(Problem details) Hand back every line from the beginning of the data below through the line containing "オンラインチケット予約ではな", word for word and free of pictures.

(Source material)
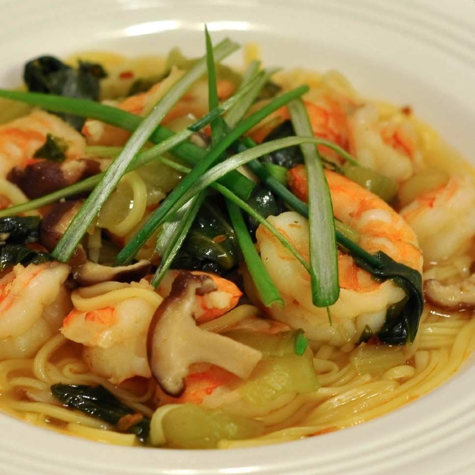- Add the cooked veggies to the pot with the sauce and shrimp and stir to combine. Remove from heat and set aside.
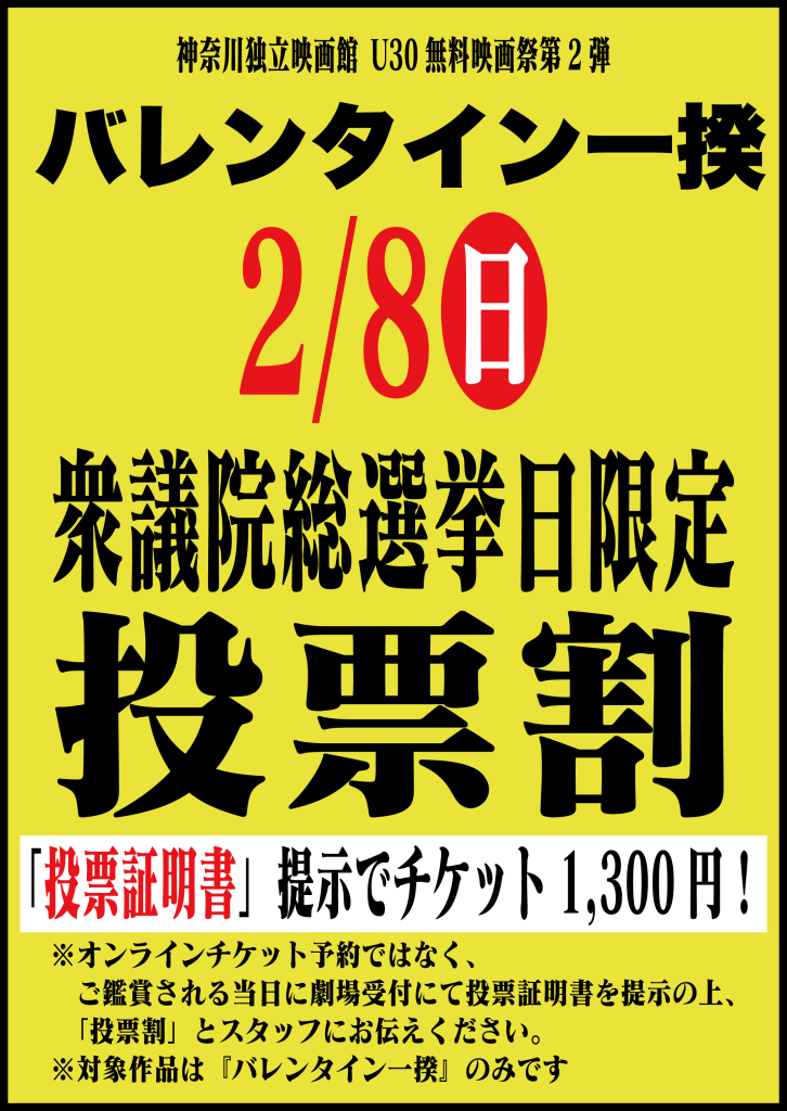 オンラインチケット予約ではなく、ご鑑賞される当日に劇場受付にて投票証明書を提示の上、「投票割」とスタッフにお伝えください。
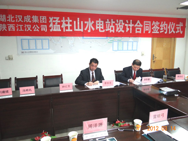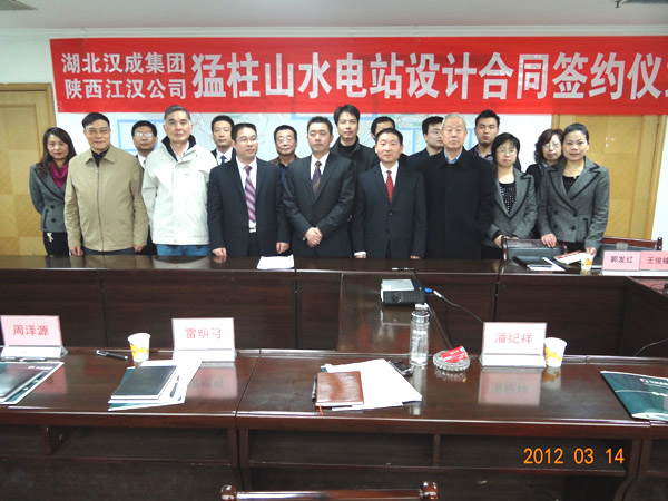 2012年3月14日,漢成集團(tuán)與陜西省江漢水利水電勘察設(shè)計(jì)研究院在該院會(huì)議室舉行了猛柱山水電站設(shè)計(jì)合同簽約儀式,根據(jù)合同,陜西省江漢水利水電勘察設(shè)計(jì)研究院將承擔(dān)漢成集團(tuán)猛柱山電站的設(shè)計(jì)工作。漢成集團(tuán)總裁李華平出席了簽約儀式。

(Response below)
- Add the cooked veggies to the pot with the sauce and shrimp and stir to combine. Remove from heat and set aside.
 オンラインチケット予約ではなく、ご鑑賞される当日に劇場受付にて投票証明書を提示の上、「投票割」とスタッフにお伝えください。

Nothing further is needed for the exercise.